Tachibana H, Kobayashi S, Kato Y, Nagakura K, Kaneda Y, Takeuchi T
Department of Parasitology, School of Medicine, Tokai University, Kanagawa, Japan.
Infect Immun. 1990 Apr;58(4):955-60. doi: 10.1128/iai.58.4.955-960.1990.
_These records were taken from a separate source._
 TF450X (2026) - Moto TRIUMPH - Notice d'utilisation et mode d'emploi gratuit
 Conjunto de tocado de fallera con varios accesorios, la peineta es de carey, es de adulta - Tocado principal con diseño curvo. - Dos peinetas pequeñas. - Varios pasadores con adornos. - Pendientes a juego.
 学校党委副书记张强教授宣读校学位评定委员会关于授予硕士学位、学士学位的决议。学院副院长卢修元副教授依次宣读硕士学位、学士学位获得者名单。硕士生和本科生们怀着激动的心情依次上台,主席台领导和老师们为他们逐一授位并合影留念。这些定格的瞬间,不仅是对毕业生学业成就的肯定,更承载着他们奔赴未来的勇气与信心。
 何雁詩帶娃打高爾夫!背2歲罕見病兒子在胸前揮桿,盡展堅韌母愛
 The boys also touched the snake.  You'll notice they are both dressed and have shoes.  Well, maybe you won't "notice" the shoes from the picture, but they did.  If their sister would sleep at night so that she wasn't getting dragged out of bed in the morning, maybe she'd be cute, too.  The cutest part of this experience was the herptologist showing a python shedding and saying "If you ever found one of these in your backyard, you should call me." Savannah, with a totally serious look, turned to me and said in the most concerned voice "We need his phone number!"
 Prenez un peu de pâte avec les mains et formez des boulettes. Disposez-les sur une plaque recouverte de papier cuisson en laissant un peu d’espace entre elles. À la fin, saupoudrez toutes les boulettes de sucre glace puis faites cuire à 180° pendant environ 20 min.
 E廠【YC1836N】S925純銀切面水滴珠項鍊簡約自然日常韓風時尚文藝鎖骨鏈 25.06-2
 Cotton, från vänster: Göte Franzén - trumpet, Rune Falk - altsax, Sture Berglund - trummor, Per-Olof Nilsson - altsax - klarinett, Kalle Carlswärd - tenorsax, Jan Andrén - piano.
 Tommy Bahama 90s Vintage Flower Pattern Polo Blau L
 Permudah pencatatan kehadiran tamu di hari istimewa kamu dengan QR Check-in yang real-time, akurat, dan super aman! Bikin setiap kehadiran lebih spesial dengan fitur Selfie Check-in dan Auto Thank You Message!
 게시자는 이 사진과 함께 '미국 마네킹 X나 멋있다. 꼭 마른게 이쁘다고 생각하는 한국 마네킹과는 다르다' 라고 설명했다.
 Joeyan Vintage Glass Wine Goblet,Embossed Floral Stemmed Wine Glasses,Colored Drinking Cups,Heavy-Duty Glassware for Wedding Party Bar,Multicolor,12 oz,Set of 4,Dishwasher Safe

A monoclonal antibody (MAb) produced against trophozoites of Entamoeba histolytica strain HM-1:IMSS, reacted with all of 42 isolates and 4 clones showing pathogenic zymodeme (Z) patterns, i.e., Z-II, Z-II alpha-, Z-II (glucose phosphate isomerase: gamma +), Z-VII, Z-VII (glucose phosphate isomerase: alpha lack, gamma +), Z-XI, Z-XIV, and Z-XIX, regardless of culture conditions, geographical origins, or host symptoms in an indirect fluorescence antibody test. In contrast, the MAb failed to react with 14 isolates possessing nonpathogenic zymodemes Z-I and Z-VIII and did not react with other enteric protozoan parasites, such as E. histolytica-like Laredo, Entamoeba hartmanni, Entamoeba coli, Endolimax nana, Dientamoeba fragilis, Trichomonas hominis, and Giardia lamblia. Western immunoblotting analysis showed that the molecular weight of the antigenic component recognized by the MAb was exclusively 30,000 in pathogenic isolates of different zymodemes. These results suggest that the 30,000-molecular-weight antigen is a marker of pathogenic isolates and that the indirect fluorescent-antibody test with the MAb is useful for the accurate discrimination of pathogenic amebae.
一种针对溶组织内阿米巴HM - 1:IMSS株滋养体产生的单克隆抗体(MAb),在间接荧光抗体试验中,与所有42株分离株和4个克隆发生反应,这些分离株和克隆呈现致病性酶谱(Z)模式,即Z - II、Z - IIα -、Z - II(葡萄糖磷酸异构酶:γ +)、Z - VII、Z - VII(葡萄糖磷酸异构酶:α缺乏,γ +)、Z - XI、Z - XIV和Z - XIX,无论培养条件、地理来源或宿主症状如何。相比之下,该单克隆抗体未能与14株具有非致病性酶谱Z - I和Z - VIII的分离株发生反应,也未与其他肠道原生动物寄生虫发生反应,如类溶组织内阿米巴拉雷多、哈氏内阿米巴、结肠内阿米巴、微小内蜒阿米巴、脆弱双核阿米巴、人毛滴虫和蓝氏贾第鞭毛虫。蛋白质免疫印迹分析表明,在不同酶谱的致病性分离株中,该单克隆抗体识别的抗原成分的分子量仅为30,000。这些结果表明,分子量为30,000的抗原是致病性分离株的标志物,并且用该单克隆抗体进行间接荧光抗体试验有助于准确鉴别致病性阿米巴。